离上次低血糖有一段时间了,他这阵子几乎是要忘了他还有这个毛病。眩晕的感觉还未消退,他改为在桌子上趴着,半昏半睡,黑暗袭来的感觉让他舒服一点。
陆远亭在宾馆睡了一下午,他把自己埋进被子后不知不觉的睡着了,最后是让手机铃声叫醒的。宋和泽的酒吧今天开张,问他要不要过来,陆远亭心里烦闷,想找个喝酒的人,于是答应了。
宋和泽叫了不少朋友过来,气氛热情高涨,四周的口哨声和着音乐声此起彼伏,舞池里晃动的四肢伴着轻微酒精兴奋恣意。陆远亭在明暗交错的灯光下一杯酒下肚,宋和泽也很兴奋,他爱极了这种热闹感觉,完全忽视了陆远亭此时正烦闷的借酒浇愁。
“你差不多行了。”陆远亭喝了三杯酒,不愿意再喝了,他怕喝醉之后在这家酒吧里再发生什么让他悔的想撞墙的事。
宋和泽正对舞池里的人群看的痴迷,听见他说话后转过头看他,他脸上兴奋未褪,显然是还没玩够。今天不止是他的酒吧再次开张,他还带着秦玉去见了父母,两人的关系终于尘埃落定。他刚才没喝多少酒,这时候也让心里的感觉熏陶出几分醉意出来。
陆远亭可没他那样好命,他明天还有一场让他恶心的饭局要参加,还有一个麻烦的纪邵宁要去解决,烦闷的连酒都喝不下,只好在身上找了根烟出来。
他吸了刚没一口,宋和泽看见了就嚷嚷起来:“你去厕所抽,我这里不让吸烟。”
陆远亭瞪他一眼,他不会在厕所里抽烟,只好憋着火把烟熄了,一根吸了还没一口的烟就这么夭折在了烟灰缸里,比它的兄弟姐妹长出好大一截。
宋和泽想起来陆远亭明天还有场饭局,就忍着兴致也不在下面闹了,拉着他往楼上走。秦玉在楼上休息,宋和泽没去打扰他,带着他进了另一家客房。陆远亭在楼上点起了烟,扔给宋和泽一根。
“我说,要不你就把纪邵宁那人给收了吧,我看那小孩长的是不错,还和祁尘一样,玩腻了再扔不就行了。”宋和泽在一阵烟雾后面开口了。
“你敢背着秦玉这么做?”陆远亭眯起眼睛看他。
宋和泽不说话了。
“纪邵宁这个人迟早要解决,纪家的水太深,他那堆兄弟姐妹都不是省油的灯。
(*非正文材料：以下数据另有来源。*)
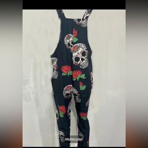 Lightweight skull,overalls with tie shoulders front pocket silky feel for summer

”陆远亭说完还嘲讽了一句:“纪家明明没有多少家业,还偏偏弄得有多大的王位要继承一样,真是笑话。”
宋和泽一口烟雾吐出,露出的脖颈性感漂亮,喉结上下浮动了一下,嘴角扯起一抹邪笑:“那你解决纪邵宁的时候,顺便把纪家这个笑话也捎带上不就行了。”
陆远亭不想惹麻烦,冲他摇摇头,宋和泽又笑了一下,眼尾眯起的弧度也很是精致。